## SUPPLIED INFORMATION

::::

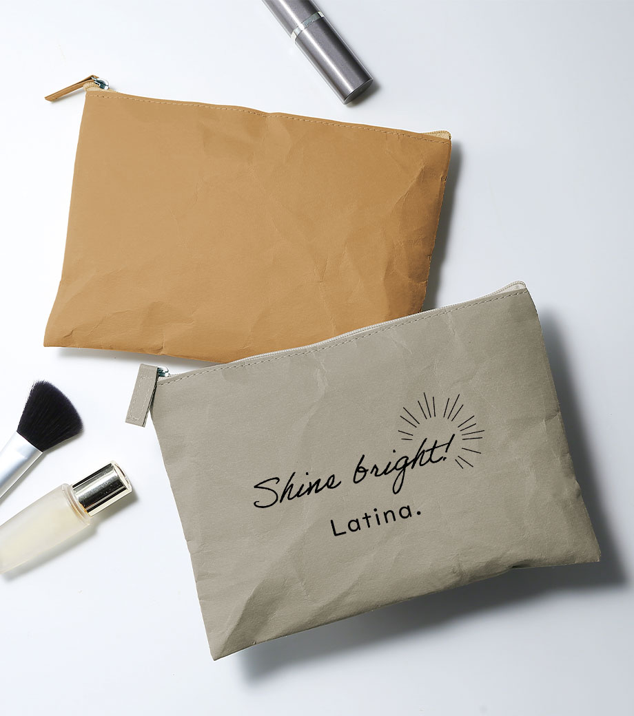 生地はしっかりしていて中身が透けない厚みです。付箋やメモと一緒に筆記用具を入れたり、メイク道具一式をまとめたりと、様々な用途で使えます。オリジナル印刷でショップやブランドロゴを入れて、購入特典や、雑貨店の開店記念品などにいかがでしょうか。
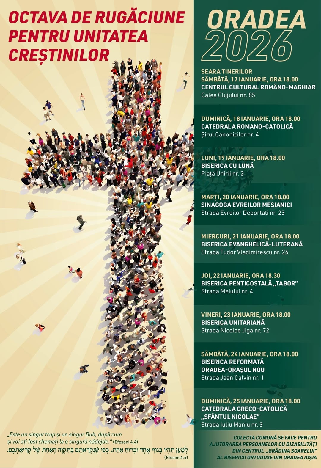 Oradea va găzdui, în perioada 17–25 ianuarie 2026, „Octava de rugăciune pentru unitatea creștinilor”, eveniment ecumenic anual care reunește comunități creștine și confesiuni diferite într-un spirit de rugăciune comună, dialog și mărturie fraternă.
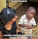 so we are ready to put the floor down! I’m going to assume that we are putting this floor down over concrete and talk about three methods of installation. The first method is a direct glue down. This also assumes that the moisture test has been done and there is zero indication of ANY concrete vapor emissions what so ever. Two things to keep in mind here – just because your slab looks flat doesnt mean that it is flat. The first thing a good installer will do is to take a ten ft straight edge and lay it across every part of the subfloor, marking off where there are dips and high points. He is then going to come to you and tell you that there needs to be some self leveling compound poured down to make the floor level. I get it – this is the point where you as the consumer starts thinking “RIP-OFF ALERT!!RIP-OFF ALERT!! This Joker is trying to play me for a sucker!” –Chill out, it’s okay. This is what’s called “unforseen floor prep” and it is going to happen from time to time. An un-level slab will make for a bad install, there is no getting around that. You will have peaking joints, humps and dips, the final install will look like crap and you wont want to pay him. Do not ruin your install by getting cheap on the floor prep, the flatter he makes it, the better its going to look. The second thing to keep in mind is the glue. You want what ever adhesive the manufacturer of the wood tells you to use. Use something else and you void your warranty. Most of the time they are going to tell you to use some type of branded moisture cured urethane adhesive, be sure to get this from your retailer, do not let the installer supply it. When your installer starts be sure he is using the correct trowel – it will say which on the bucket. 2 more tips – Never use a water based adhesive, because it is made with water it is not resistant to water. that’s a bad thing. Second, When he is spreading the glue, leave. Not because of fumes, it is safe, but because the glue itself is not to be trifled with. This glue cures overnight and is literally impossible to remove – seriously, impossible. No one wants this stuff accidentally stepped in and walked all over the house (shudder).
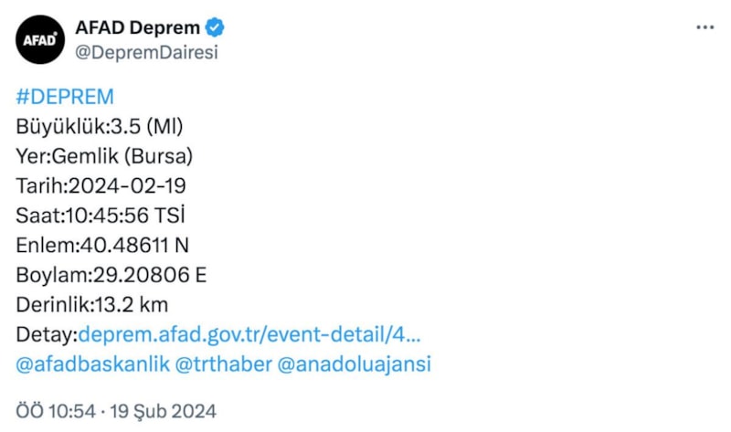 AFAD, Bursa'da Türkiye saati ile 10:45:56'da 3.5 büyüklüğünde bir deprem meydana geldiğini duyurdu. Depremin derinliği 13.2 km olarak açıklandı.

::::

## ACTIVITY
Each line of the listing above must be given again exactly; the pictures are to be left out.

## ANSWER TO THIS TASK
 生地はしっかりしていて中身が透けない厚みです。付箋やメモと一緒に筆記用具を入れたり、メイク道具一式をまとめたりと、様々な用途で使えます。オリジナル印刷でショップやブランドロゴを入れて、購入特典や、雑貨店の開店記念品などにいかがでしょうか。
 Oradea va găzdui, în perioada 17–25 ianuarie 2026, „Octava de rugăciune pentru unitatea creștinilor”, eveniment ecumenic anual care reunește comunități creștine și confesiuni diferite într-un spirit de rugăciune comună, dialog și mărturie fraternă.
 so we are ready to put the floor down! I’m going to assume that we are putting this floor down over concrete and talk about three methods of installation. The first method is a direct glue down. This also assumes that the moisture test has been done and there is zero indication of ANY concrete vapor emissions what so ever. Two things to keep in mind here – just because your slab looks flat doesnt mean that it is flat. The first thing a good installer will do is to take a ten ft straight edge and lay it across every part of the subfloor, marking off where there are dips and high points. He is then going to come to you and tell you that there needs to be some self leveling compound poured down to make the floor level. I get it – this is the point where you as the consumer starts thinking “RIP-OFF ALERT!!RIP-OFF ALERT!! This Joker is trying to play me for a sucker!” –Chill out, it’s okay. This is what’s called “unforseen floor prep” and it is going to happen from time to time. An un-level slab will make for a bad install, there is no getting around that. You will have peaking joints, humps and dips, the final install will look like crap and you wont want to pay him. Do not ruin your install by getting cheap on the floor prep, the flatter he makes it, the better its going to look. The second thing to keep in mind is the glue. You want what ever adhesive the manufacturer of the wood tells you to use. Use something else and you void your warranty. Most of the time they are going to tell you to use some type of branded moisture cured urethane adhesive, be sure to get this from your retailer, do not let the installer supply it. When your installer starts be sure he is using the correct trowel – it will say which on the bucket. 2 more tips – Never use a water based adhesive, because it is made with water it is not resistant to water. that’s a bad thing. Second, When he is spreading the glue, leave. Not because of fumes, it is safe, but because the glue itself is not to be trifled with. This glue cures overnight and is literally impossible to remove – seriously, impossible. No one wants this stuff accidentally stepped in and walked all over the house (shudder).
 AFAD, Bursa'da Türkiye saati ile 10:45:56'da 3.5 büyüklüğünde bir deprem meydana geldiğini duyurdu. Depremin derinliği 13.2 km olarak açıklandı.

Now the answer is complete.